*** PROVIDED MATERIAL Section Begins ***

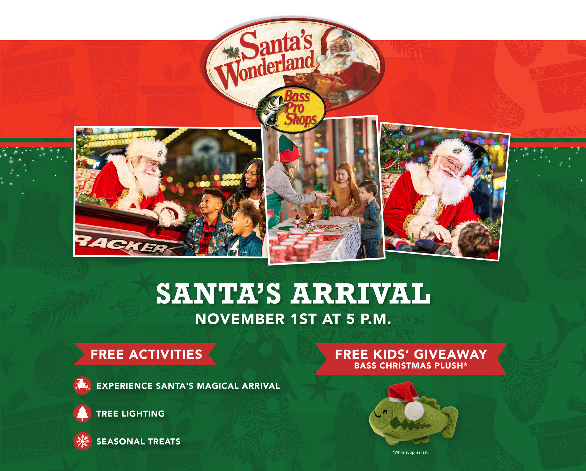 Kids can catch their first glimpse of Santa when he makes his Grand Entrance at Bass Pro Shops and Cabela’s on Saturday, November 1, 2025. In case you’re wondering how he can be at three simultaneous arrival parties, just know that Santa’s magic allows him to be at all three spots at the same time. Festivities start about 5 p.m. with an Arrival Parade in front of each store.
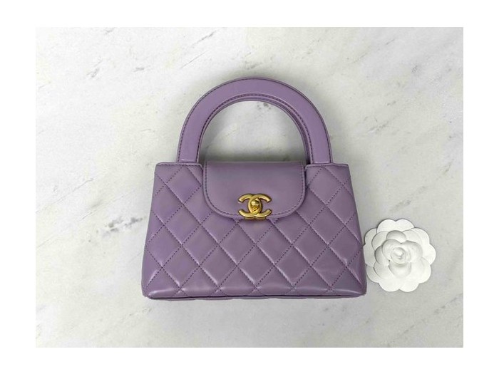 Chanel 24P Kelly Nano Stella Purple Waxed Leather 19cm > Classic Handle (Coco Handle) Mini
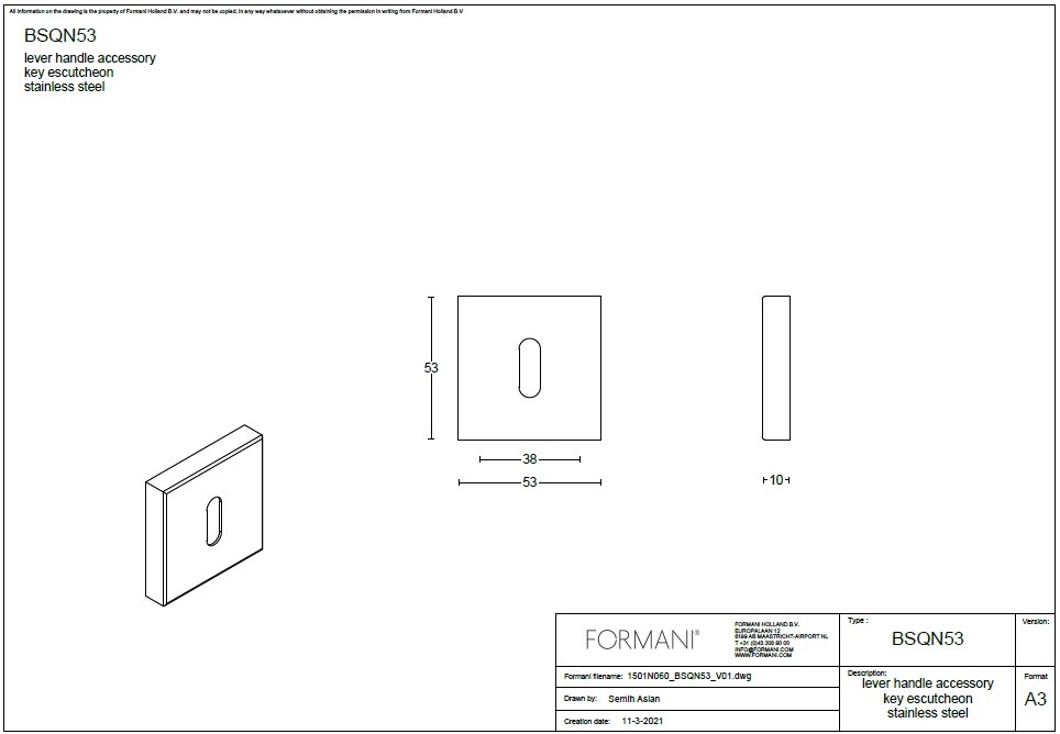 Paire de plaques de clés carrées BSQ N53 BL en bronze clair de la collection Formani « Basics ».

*** PROVIDED MATERIAL Section Ends ***

◆ **YOUR GOAL**: Leave out the pictures, then reproduce exactly the run of lines from the one that contains "Chanel 24P Kelly" to the final line of the listing above.

◆ **OUTPUT OF THE TASK**:
 Chanel 24P Kelly Nano Stella Purple Waxed Leather 19cm > Classic Handle (Coco Handle) Mini
 Paire de plaques de clés carrées BSQ N53 BL en bronze clair de la collection Formani « Basics ».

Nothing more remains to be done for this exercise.